Science can be a ritual too
And so, with these kinds of mind-bending difficulties in interpretation, it might not surprise you to learn of the raging replication crisis—the inability for scientists to reproduce the results of major studies across displines like psychology, medicine, economics, and more.
The scientific method is a belief system, subject to ritualisation and the consequent errors of lazy application. Here are some choice quotes from the earlier, excellent explainer article to drive the point home:
Andrew Gelman puts it bluntly: "The scientific method that we love so much is a machine for generating exaggerations."
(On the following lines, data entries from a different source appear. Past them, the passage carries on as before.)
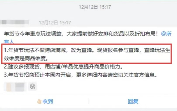 在淘宝年货节商家沟通会上,相关负责人表示,取消跨店满减仅针对本次年货节,未来大促是否延续还不确定。
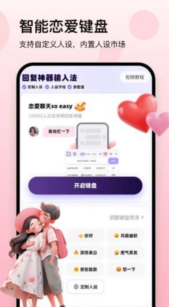 2、回复神器app使用高级智能爱键盘,只要轻轻一按,便可产生回应。
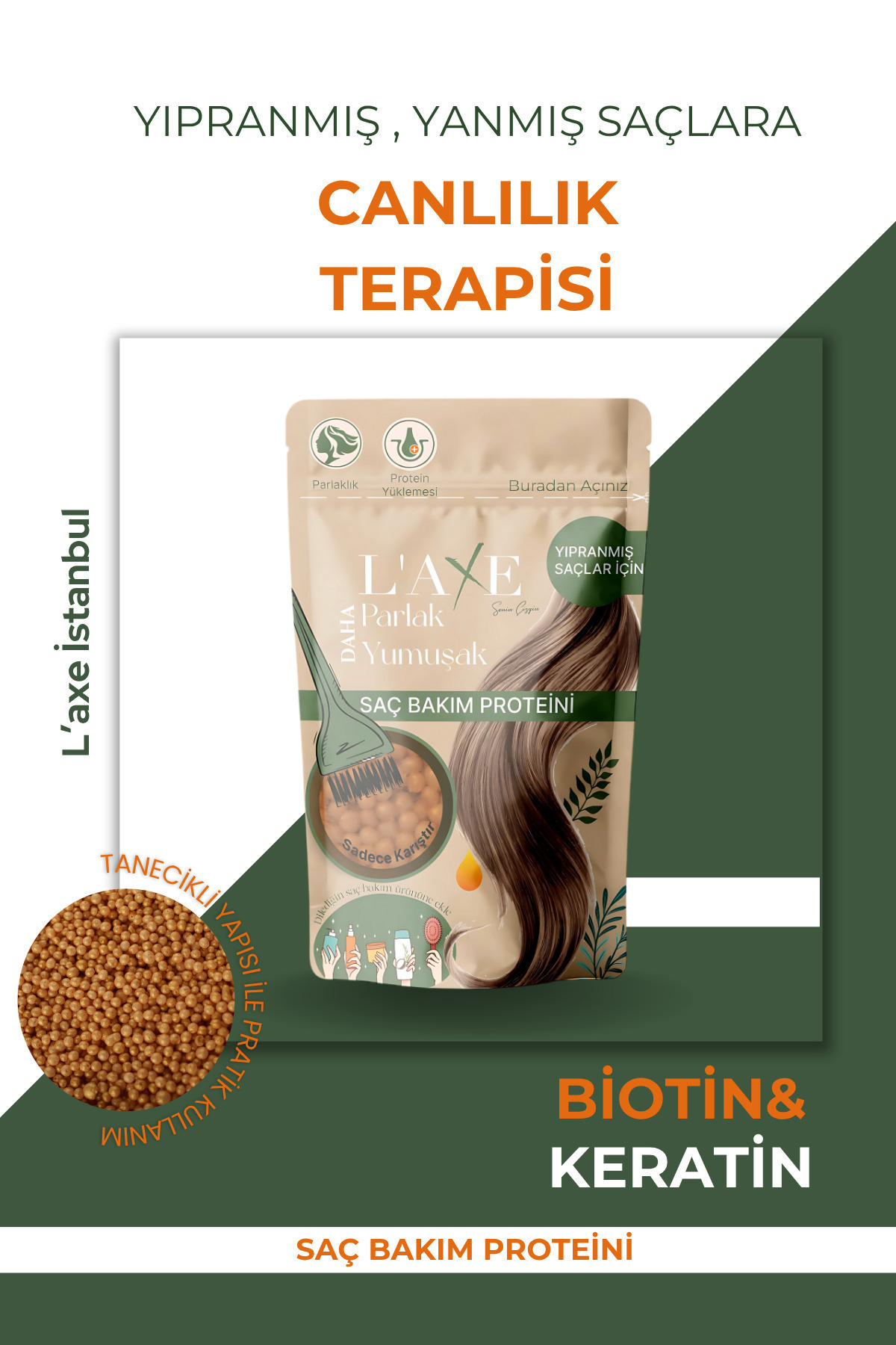 Yıpranmış - Yanmış Saçlara Canlılık Terapisi | Saç Bakım Proteini | 50 Gram
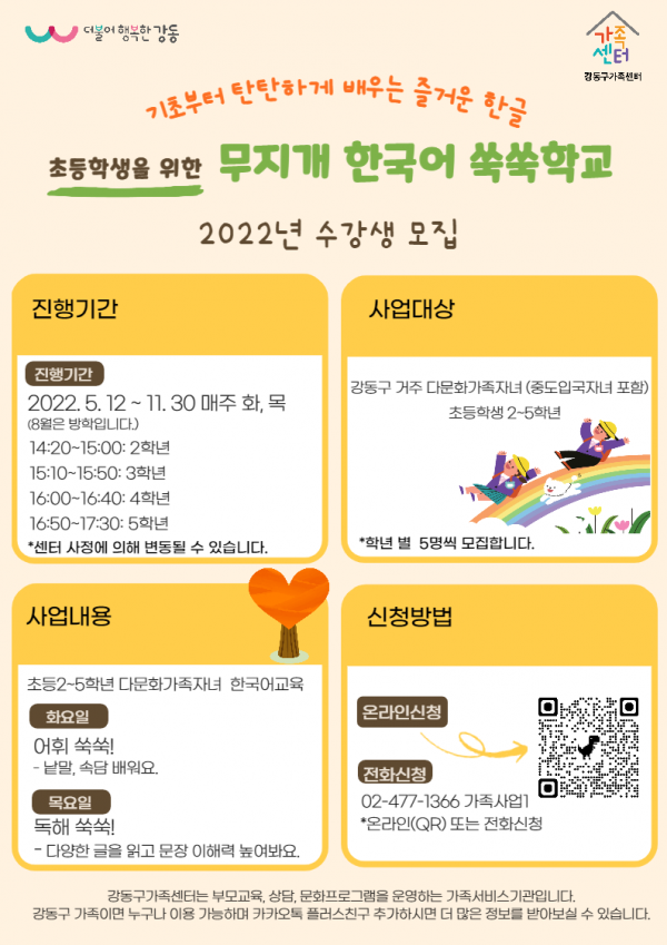 ‘무지개 한국어 쑥쑥학교’는 매주 화요일과 목요일 강동구에 거주하는 다문화가족 및 중도입국자 자녀를 대상으로 초등학생 2학년부터 5학년까지 수준별 한글학습을 무료로 진행하며 정서지능 향상 프로그램 등 다양한 과정으로 구성했다.
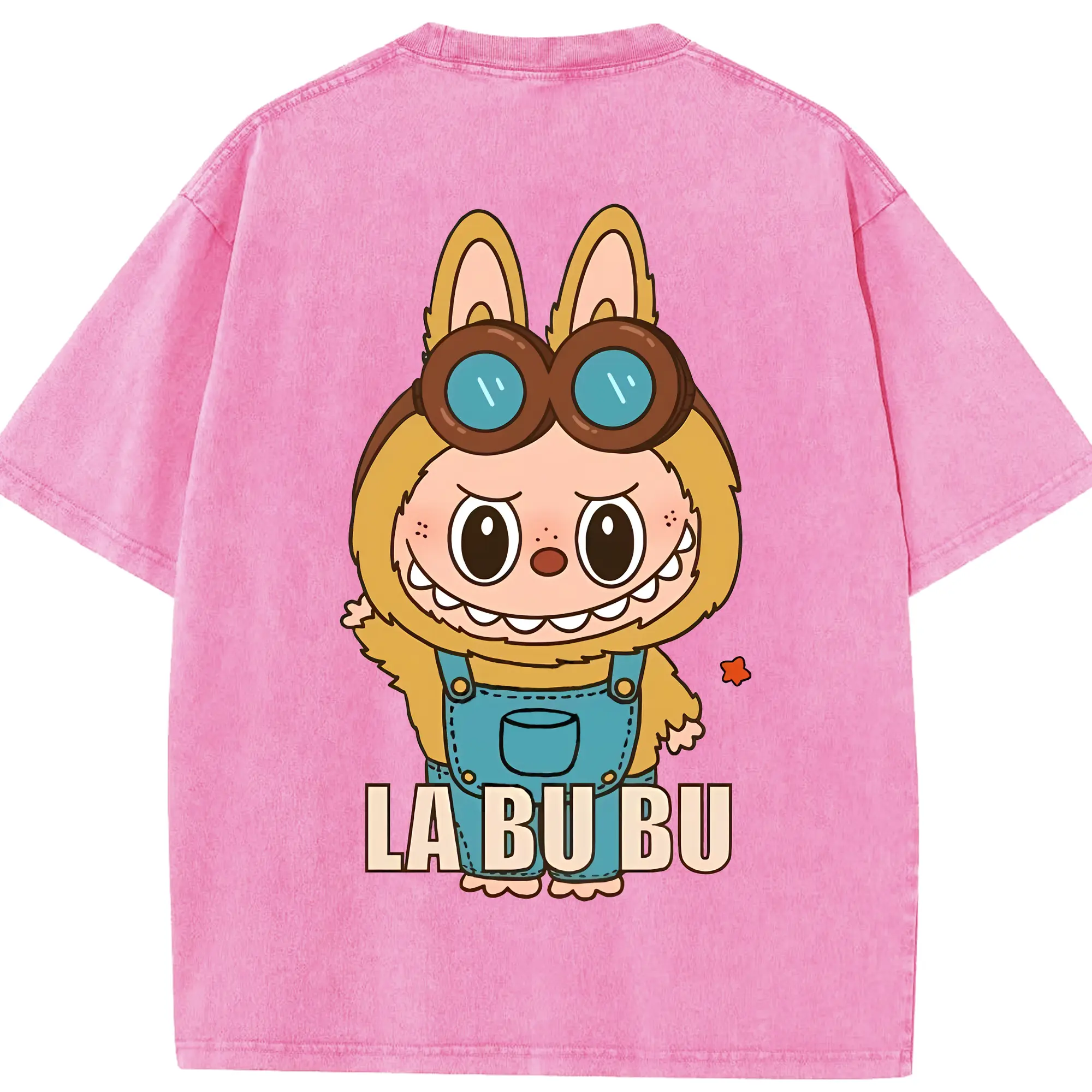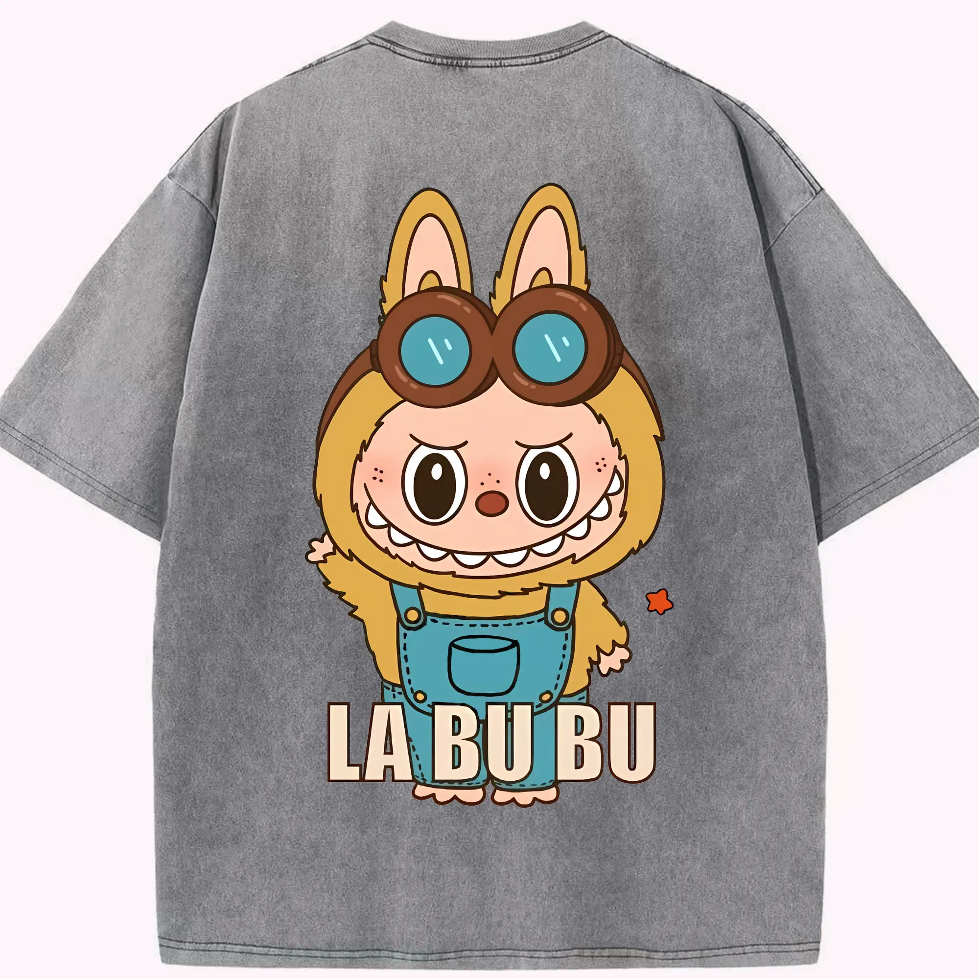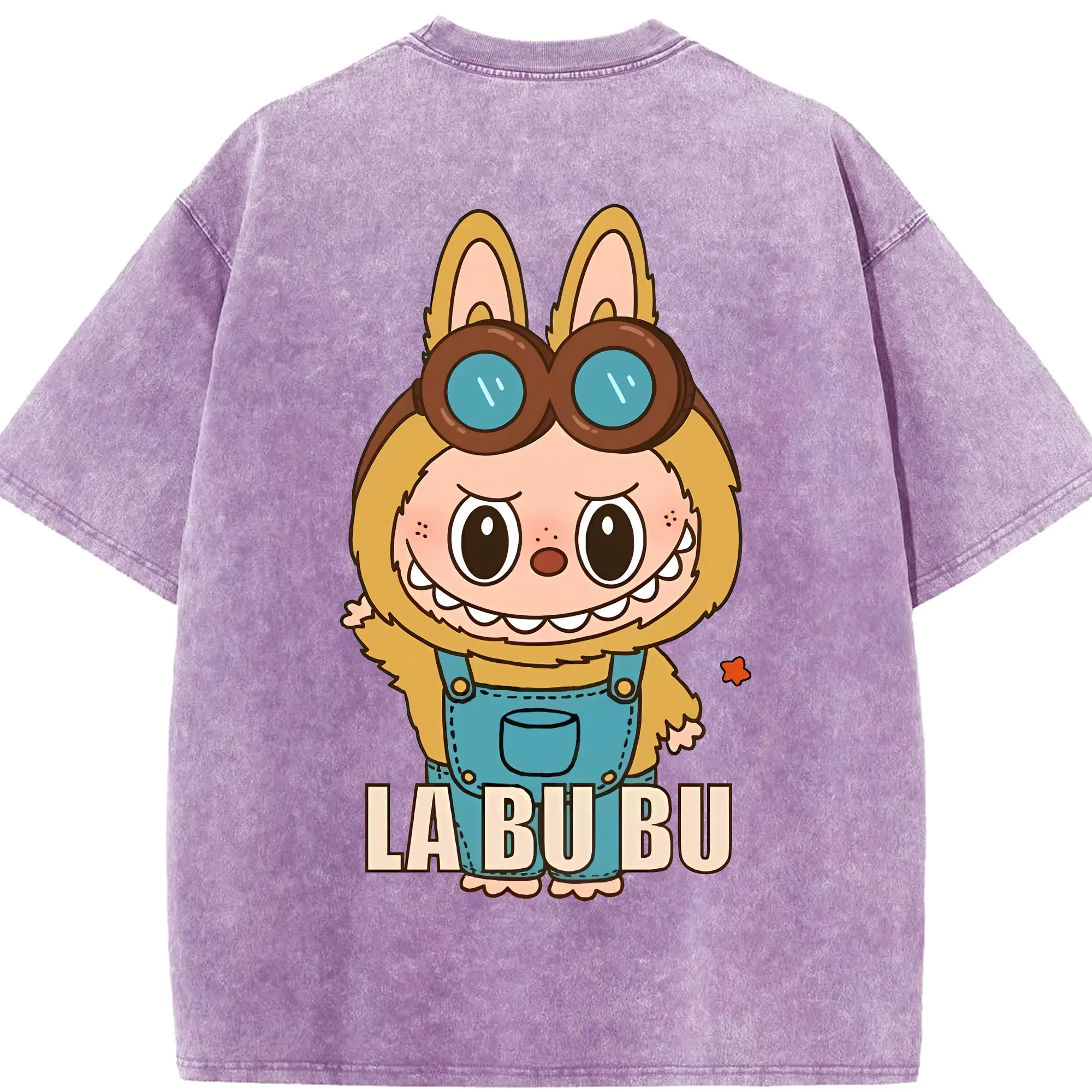 ラブブ グッズ ジモモ - 綿100% ヴィンテージ風 半袖Tシャツ ・ フロントプリント ・ 柔らか肌触り ・ 通気性 快適 ・ スポーツ カジュアル 外出用

Gerd Gigerenzer calls the "null ritual," a mindless process for producing data that researchers seldom interpret correctly. Psychology adopted the null ritual early on, and then it spread (like a disease) to many other fields, including biology, economics, and ecology. "People do this in a ritualistic way," Gigerenzer says. "It's like compulsive hand washing."
And we are left in a position in which scientists all over the world are signing petitions to ban the practice. Or here's the American Statistical Association complaining of the "statistics wars" and recommending significance testing put aside:
"We conclude, based on our review of the articles in this special issue and the broader literature, that it is time to stop using the term"statistically significant" entirely. Nor should variants such as "significantly different... and"nonsignificant" survive, whether expressed in words, by asterisks in a table, or in some other way.
This is not to say that the scientific method should be put aside. Although I gripe about it, I've written many times about those places I think it [adds value].
Not to mention that there are other methods for assessing results, and a there is a minority of researchers who utilise significance testing and other measures thoughtfully.
This is all merely to say that, as Pi:
It was my first clue that atheists [and the spiritual] are... brothers and sisters of a different faith... they go as far as the legs of reason will carry them—and then they leap.
And sometimes (often?), researchers leap lazily.